Thursday, December 18, 2008

Week 21

I know, I know, I'm a day late! Truth is, I spent quite a few hours yesterday talking with a young mom who's unborn baby will be coming into the world and need heart surgery in just a few days. As I talked with her, I relived all I had been through with Kaden. I had the opportunity to talk with her about God, and how no matter what our circumstance, His plan is divine and He is in control. God has given me such an avenue to witness to families at such a vulnerable time in their lives. A chance to talk about His love for them, and that He cares, not only for their child's physical heart, but spiritual one as well. The look on the mother's face when I told her, "I wouldn't change that Kaden had heart surgery" said more than any words could. She was appalled that I would even suggest I was ok with it. But as I continued, I watched her face change and saw she understood, if it weren't for Kaden's surgery, SHE would be alone. God brought me to her nearly two years to the day after we found out about Kaden's heart. She understood, praise God. She could see how something so terrible could be made into something so amazing!

Our words aren't adequate enough to describe our loving, faithful, enduring Father. I cannot fathom a word great enough to encompass all He is to us, to me!! Praise you Father God, with uplifed hands and a renewed heart for the work you have given me!!! Thank you Father for allowing me to have Kaden, and showing me, beyond any doubt, You control the universe, and hold all things in Your hands! Glory, praise, and honor are Yours!

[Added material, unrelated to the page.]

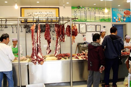 輸入胡同には数件の肉屋があり、写真はそのうちの一軒です。どの肉屋も、牛肉や羊肉をそのまま吊るして売っています。日本ではあまり見られない光景ですが、この街ではこれが普通なのです。北京でも一般のスーパーでは肉をパックにして売っています。しかし、庶民は、パックの肉は冷凍もので新鮮でなく、一方、この吊るし売りは新鮮で、更に安いと言っています。

Praise be to the Lord, the God of Israel, because he has come and has redeemed his people. He has raised up a horn of salvation for us in the house of his servant David (as he said through his holy prophets of long ago) Luke 1:69

1 comment:

Dee said...

Isn't He grand?????? He does, He holds it all! NOTHING in my life would I change! NOTHING! It all had a purpose and was part of His great plan. At the time, I would cry out in pain, anguish or anger and wonder WHY???? But today, I know that I am who I am and my faith is what it is because of those struggles, big or small!

You are AMAZING!!!!!!!! :) I love ya!